Bolzano too planned out the life of his society in detail. He did away with property inheritance and outlawed youth organizations unless each meeting was overseen by an elder who had the proper worldview. He planned education and determined how many workers would be needed in various places. Everything was to be done, of course, in such a way that they would be happy.

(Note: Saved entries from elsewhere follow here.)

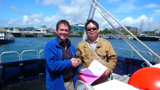 6月21日,孫松所長(zhǎng)率隊(duì)訪(fǎng)問(wèn)英國(guó)普利茅斯大學(xué)海洋研究所(UoPMI),并與研究所所長(zhǎng)Martin Attrill教授在英國(guó)普利茅斯灣Falcon Spirit考察船上簽訂兩所科技合作備忘錄。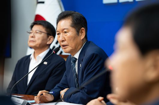 정청래 더불어민주당 대표가 21일 서울 여의도 국회에서 열린 호남발전특별위원회 출범식에서 축사를 하고 있다./뉴스1 |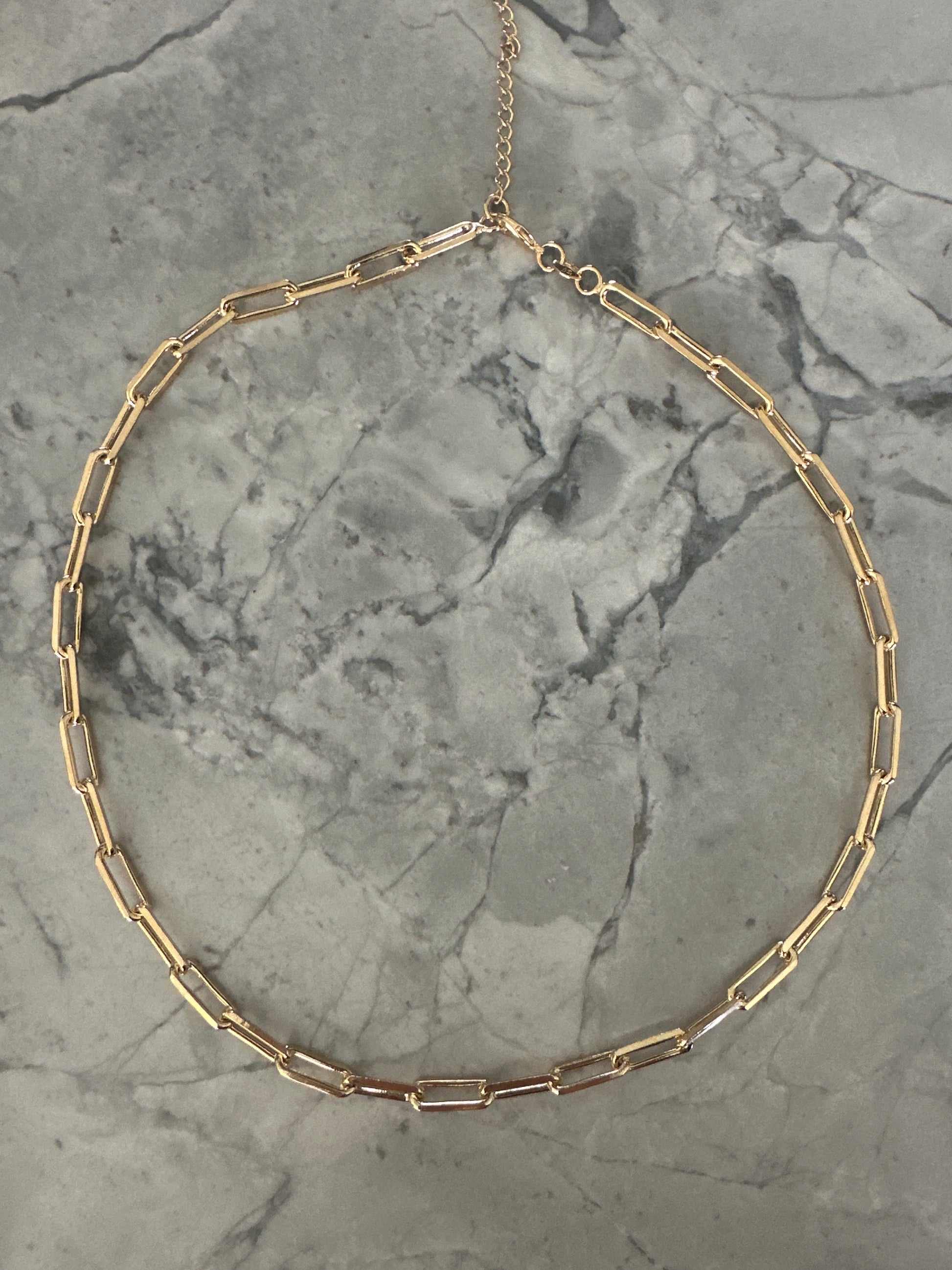 Bold yet minimal. This 18k gold-filled necklace features oversized paperclip links for a chic statement look. Lightweight and versatile, it’s perfect for elevating everyday outfits or layering with delicate chains.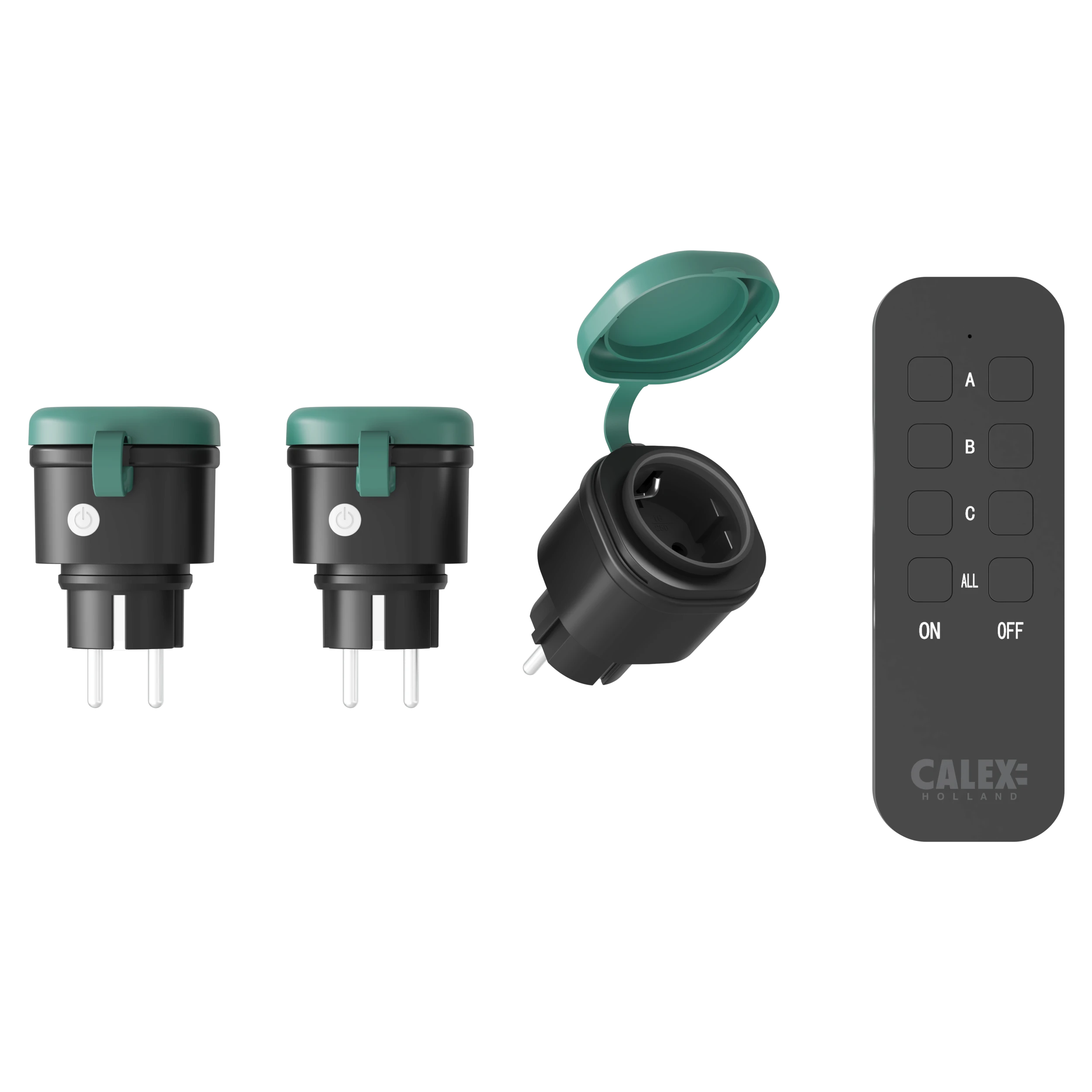Bedien je tuinverlichting, fonteinen of andere buiten apparaten eenvoudig met de Calex Smart Outdoor Remote Socket Set. Deze set bevat drie IP44 spat waterdichte stopcontacten en één afstandsbediening, waarmee je aangesloten apparaten met één klik op afstand kunt in- of uitschakelen.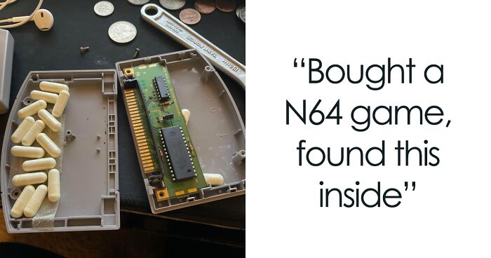 For those of you wondering, he was taking this game apart to use the back on his JP copy of Mario Kart so he could take it to a friend’s house with unmodded N64's. As to why he didn’t hear the pills loose shaking around, they were stuck to the sides with double-sided tape. You can see that in the image. The tape itself also looks old. He bought the game a year or so ago, but the game itself was made in the late 90s so who knows how long this has been sitting in there.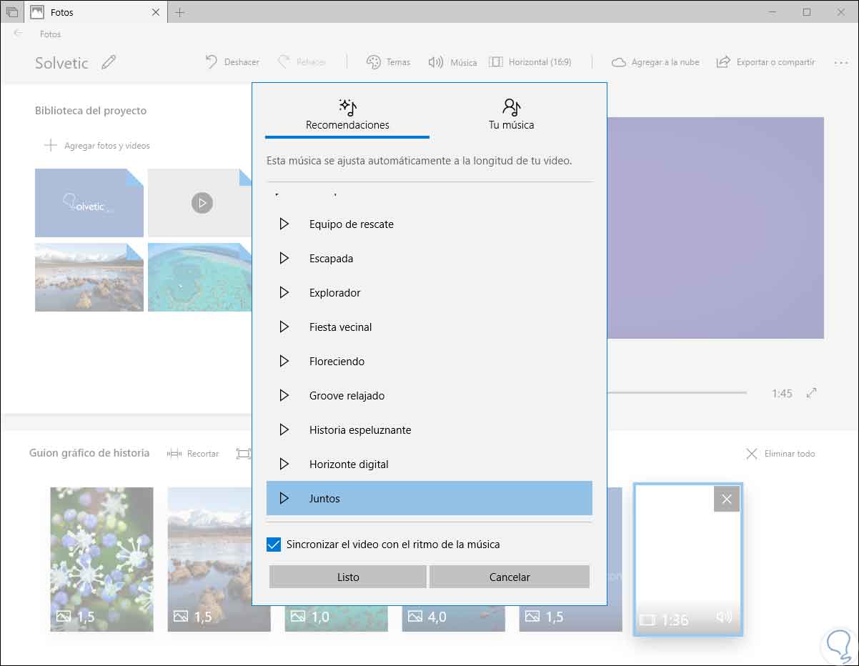 Para agregar música a un vídeo especifico, debemos dar clic en el botón “Música” en la parte superior. La aplicación Fotos incluye algunas opciones de música propia para seleccionar, pero lógicamente también podemos seleccionar la pestaña “Tu música” para insertar un archivo de música de nuestra biblioteca:

All architects of the ideal state appealed to the happiness of the citizens. It is I, claimed Charles Fourier, who will be thanked by current and future generations for initiating their happiness. . We are going to witness a spectacle which can only be seen once in each globe, the transition from incoherence to social combination. This is the most brilliant movement that can ever happen in the universe, and the anticipation of it shall be a consolation to the present generation for all its miseries. Every year of this period of metamorphosis will be worth centuries of ordinary existence. But humanity did not thank him, and he did not become an actor in his theater.

The mistake of the utopians lay in their assumption that it is possible to build the ideal state with the agreement of the people. They believed in the ideal person who, as soon as he is afforded the opportunity to act honorably and fairly, would be transformed into a conscious citizen doing his utmost to serve, happily and willingly, the good of the community. And so was born the image of the joyful, enthusiastic citizen for whom the enlightened ruler would plan all of his feelings, activities, and mutual relationships (including amatory ones) and rigorously subordinate him to discipline — which was, however, gladly accepted. He who does not submit has chosen the fate of the pariah. It was a logical conclusion. As soon as the incontrovertible good was discovered, it would be possible and correct to require that everyone be in its service. Those who did not, were violating it, and because the community embodied the good, it would be necessary to deal with them as criminals.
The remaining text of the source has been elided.